Материал любезно предоставлен Tablet

Литературный критик Адам Кирш читает ежедневный лист Талмуда — даф йоми, как делают евреи во всем мире, и делится размышлениями о прочитанном. На этот раз речь пойдет о том, что изрядная доля изобретательности мудрецов направлена на то, чтобы понять, как проводить четкие границы в туманных ситуациях.

Разрешено ли евреям есть рис в праздник Песах?

Как вы ответите на этот вопрос, скорее всего, зависит от вашего происхождения.
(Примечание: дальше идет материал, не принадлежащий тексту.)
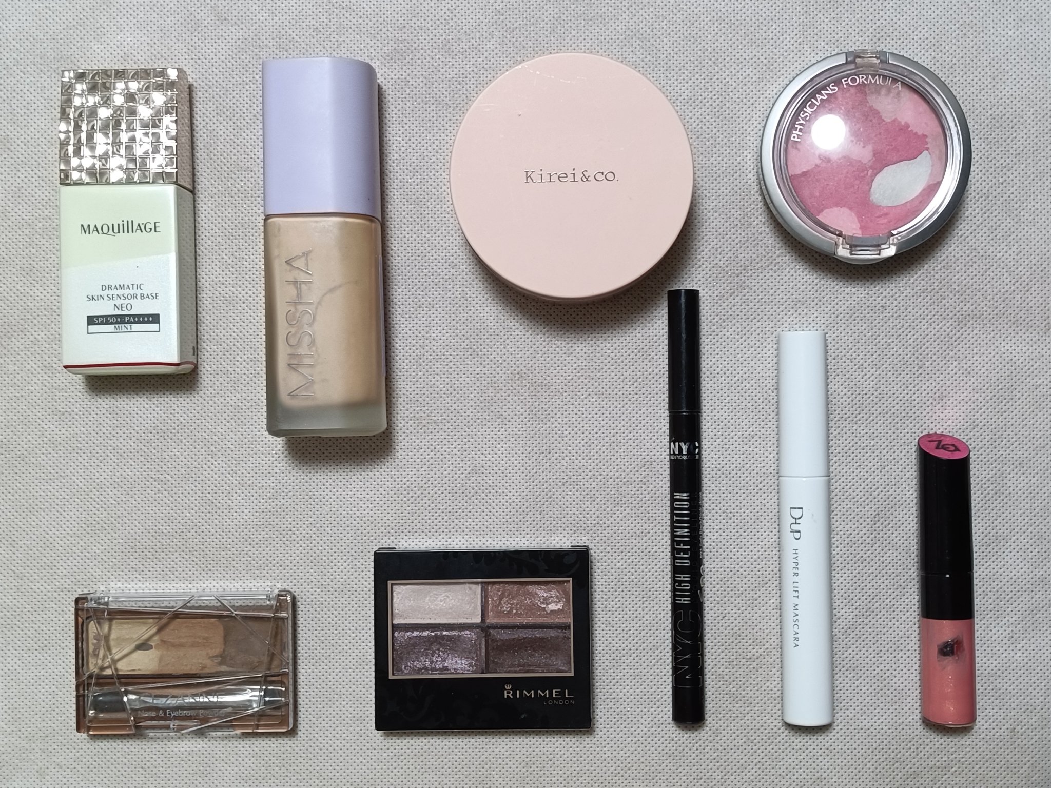 アリィー ニュアンスチェンジUV ジェル RSを、顔全体にまんべんなく塗ります。 RMK RMK ジェルクリーミィファンデーション 103を、顔全体にまんべんなく塗ります。 ジョンソンベビー ジョンソン ベビーパウダーを、顔全体にまんべんなく軽くはたきます。 THE BODY SHOP bronze shade warm glowを、両頬に塗ります。 KATE リフレクトミラーアイズ BR-1の締め色を、眉毛全体にまんべんなく塗ります。 URGLAM UR GLAMBLOOMING EYE COLOR PALETTE 01を、使用しました。 ちふれ リキッド アイライナー 筆ペンタイプ BK30 ブラックを、塗ります。 CEZANNE エアリーカールマスカラを、まつ毛全体にまんべんなく塗ります。 MAYBELLINE NEW YORK コロッサルボリュームエクスプレスを、まつ毛全体にまんべんなく塗ります。 MAYBELLINE NEW YORK SPステイ マットインク 135を、唇全体にまんべんなく塗ります。
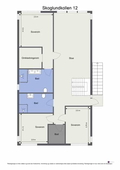 • 3 soverom samlet i øvre etasje og stue på begge plan.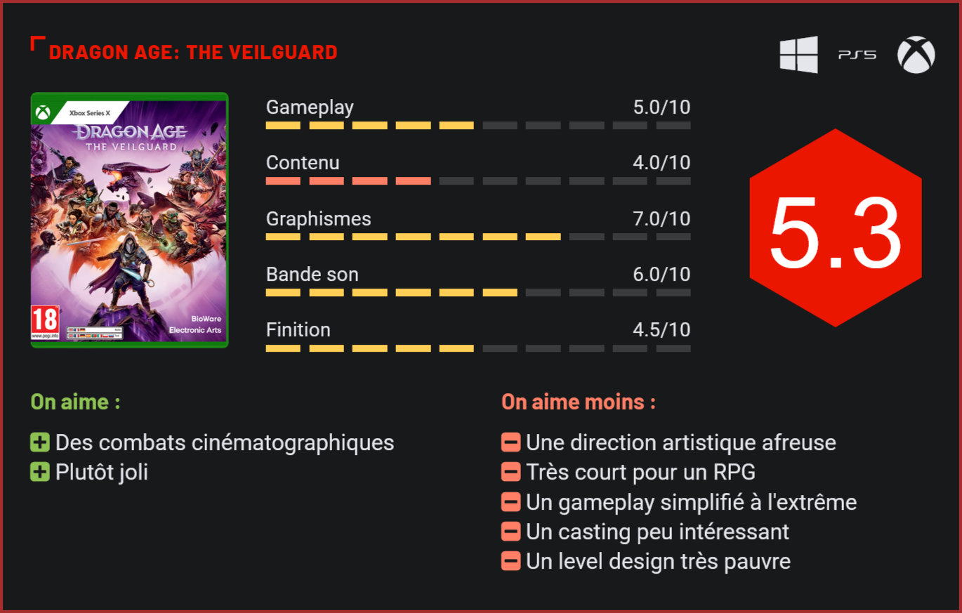Attendu au tournant par les fans de la série, qui n’avaient plus eu droit à un nouvel opus depuis 2014, Dragon Age The Veilguard représente un tournant dans l’histoire de la franchise de BioWare. Le prestigieux studio, qui cumule les faux pas depuis quelques années, nous livre son plus mauvais jeu depuis sa création. Il en aura décidément fait couler de l’encre, ce nouvel épisode de la légendaire saga des Dragon Age. Avec ses couleurs mauves à tout va, ses personnages “non-binaires”, ses dialogues bien-pensants et son character design “innovant”. C’est un fait, le jeu a divisé les foules avant sa sortie. BioWare n’a pas hésité à se mettre à dos une grosse partie de la communauté de fans pour cibler un nouveau public. Un choix audacieux qui s’explique par les difficultés, en 2024, à rentabiliser un jeu triple-A. Mais au-delà de ces explications pour “pourquoi autant de haine ?” pour ce jeu, il y a surtout le parcours atypique du studio… Fondé il y a 29 ans déjà, BioWare est l’un des plus prestigieux studios de développement occidentaux spécialisé dans les jeux de rôle. Il a à son palmarès des classiques du RPG comme Baldur’s Gate, Star Wars: Knights of the old republic, Jade Empire, la trilogie Mass Effect et les Dragon Age, une série de jeux de rôle médiévaux qui a rencontré un joli succès commercial malgré un succès critique “mitigé” – les jeux étaient considérés comme globalement bons par la presse, mais n’ont jamais décroché des notes comparables à d’autres classiques du genre comme The Elder Scrolls. Niveau casting, nous ne sommes pas gâtés. Il y a quelques années, alors que le troisième volet de la série venait d’être annoncé, deux fondateurs du studio ont annoncé leur départ, et d’autres ont suivi. Les choses se sont compliquées ensuite avec l’annulation d’un premier projet “Shadow Realms” en 2014, les départs de la plupart des développeurs de la série Mass Effect, puis une réorganisation majeure chez EA, qui a conduit à la fusion de différentes équipes. Et en 2017, c’est le drame. Le nouveau Mass Effect fait un flop, malgré quelques qualités. Le titre n’est pas à la hauteur des attentes et le studio BioWare est relégué au statut de studio de “support”. Une nouvelle vague de départs s’en suit. En 2020, il ne reste pratiquement plus aucun développeur qui était présent au sein du studio en 2015. Et c’est la différence cruciale qui explique ce changement radical de cap avec Dragon Age: The Veilguard. Tout d’abord, il s’agit d’un management différent, qui suit une direction artistique différente. Ensuite, niveau expérience, la nouvelle équipe n’a pas le niveau des anciens. Il y a d’ailleurs un changement radical de cap qui s’opère en cours de développement (du RPG à l’action-RPG pur), et même un changement de nom du projet. Tout cela nous permet aujourd’hui d’un peu mieux comprendre pourquoi The Veilguard est si différent des précédents opus. Les combats sont souvent très fouillis. Car, très clairement, c’est une cruelle désillusion qui attend les fans dans cet épisode. Le jeu adopte un level-design extrêmement linéaire, un style graphique cartoonesque aux antipodes du style très sombre et mature des premiers volets, un casting qu’on croirait presque tout droit sorti d’une série Netflix, et surtout un gameplay beaucoup plus accessible, axé sur l’action et uniquement l’action. Dragon Age n’est clairement plus un RPG. Certes, il est possible de créer son propre personnage avec un éditeur très complet, celui-ci évoluera au fil de l’aventure avec un gain d’expérience, des compétences à débloquer et un équipement à améliorer. Des éléments typiques des RPG. Mais dans la pratique, on est loin du Dragon Age d’autrefois. Le jeu est beaucoup plus simple d’accès, plus cinématographique aussi (et là il s’agit d’un vrai plus), plus facile aussi et surtout construit de façon beaucoup plus linéaire. Alors certes, Dragon Age, ça n’a jamais été Skyrim. Mais tout de même, là on parle de longs couloirs de 3 ou 4 mètres de large, de combats en arènes et de chemins ultra-balisés, au point qu’on en viendrait presque à se demander si le jeu n’est pas devenu un simple hack & slash avec quelques éléments de RPG. Les quelques combats de boss auxquels vous participerez ne vous marqueront pas… Pad en main, le scepticisme s’empare de nous. La première chose qui nous choque, c’est sa linéarité extrême. The Veilguard essaye de nous faire croire à un open world, mais au mieux, vous pourrez emprunter divers chemins dans des micro mondes ultra-balisés, une fois certaines compétences acquises. Les missions principales vont droit au but : on traverse un niveau en ligne droite en massacrant tout ce qui bouge, et surtout, le level-design est atrocement primaire : aucune surprise à l’horizon, aucune verticalité non plus, peu d’usage des compétences, les mécanismes sont systématiquement les mêmes. En terme de structure, The Veilguard est très mauvais. Et c’est un bien faible mot. Car pour ce qui est de sa quête principale, le titre est court. Comptez 9 à 12h tout au plus. 20h si vous tentez de réaliser les quêtes secondaires – fort peu intéressantes au demeurant. Il y a quelques jolis panoramas à observer. Plus surprenant, sur le plan narratif, le jeu est certes soigné dans sa présentation avec de nombreuses cinématiques joliment mises en scène, mais les dialogues sont souvent très creux au point qu’on finira vite par tous les passer, les embranchements narratifs ne sont pas intéressants, les personnages sont ultra-caricaturaux et ennuyeux au possible, et l’intrigue principale peine à vraiment nous captiver. Le ton mature des anciens opus semble avoir totalement disparu. Même constat pour ce qui est de la direction artistique, avec des coloris mauves à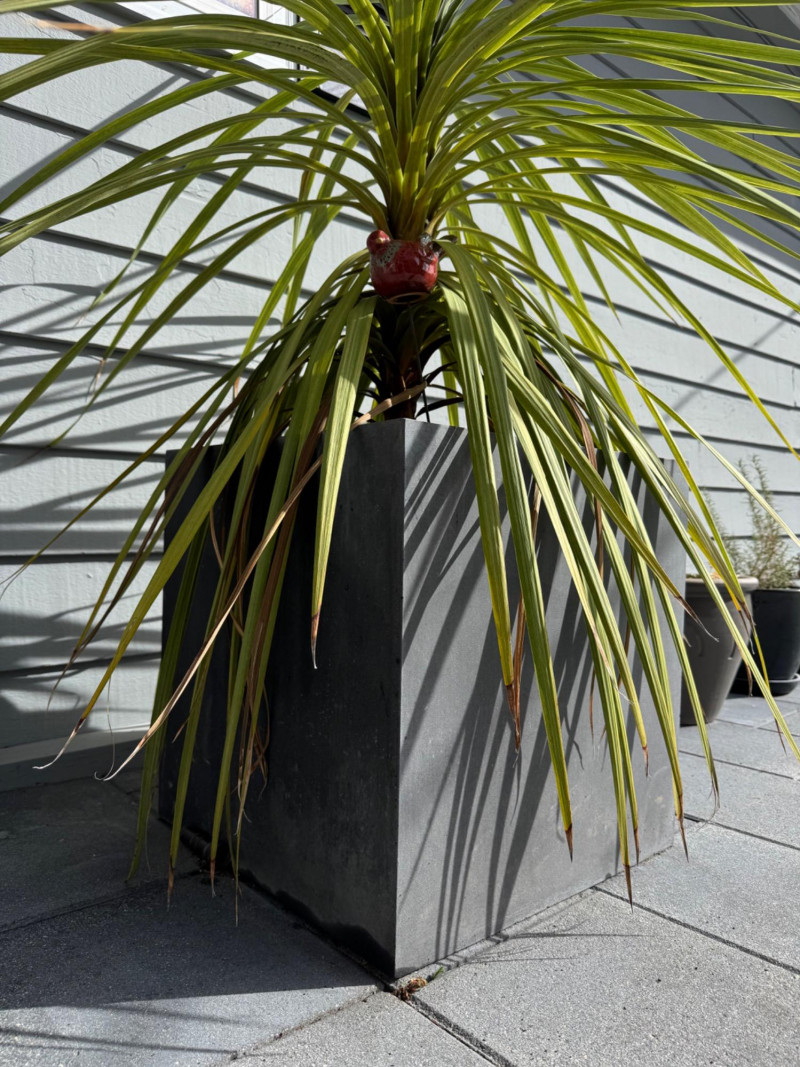 Tall Dracaena Marginata in Rectangular Pot – Outdoor Ready. Pot: 19.5” W x 19.5” D x 19.5” H Overall height (including plant): 65”

Если вы происходите из сефардской семьи, то да: сефардская традиция разрешает рис на Песах. У ашкеназов же он запрещен. Но вот согласно нынешнему даф йоми, сефардская традиция ближе подходит к тому, что имел в виду Талмуд.

Гастрономическое поведение в Песах определено двумя дополняющими друг друга заповедями. Всю праздничную неделю нельзя есть хамец, квасное, а в первую ночь праздника нужно есть мацу. (Строго говоря, после седера нет необходимости есть мацу, хотя соблюдающие евреи, как правило, на протяжении всей недели едят ее вместо хлеба.) В Псахим, 35а мишна называет пять видов зерновых, из которых можно делать мацу. Это пшеница, ячмень, полба, рожь и овес. В Библии этого списка нет. Мишна реконструирует его, идя от противного, то есть от хамеца. Из этих зерновых культур делают тесто, которое при выпечке дает хлеб, то есть хамец. И мудрецы утверждают, что лишь то зерно, которое способно стать хамецом, может служить мацой, то есть антиподом хамеца.

Из этого следует, что зерновые культуры, из которых не делается опара, нельзя использовать для изготовления мацы, поскольку они не могут стать хамецом. В эту категорию, по мысли мудрецов Талмуда, попадают рис и просо, которые «не становятся опарой, но лишь портятся»; то есть, если вы оставите рисовое или просяное тесто доходить, оно не поднимется, а сгниет. Но тогда, если рис запрещен как ингредиент для мацы, он должен быть разрешенной едой в Песах, ведь из него нельзя сделать хамец.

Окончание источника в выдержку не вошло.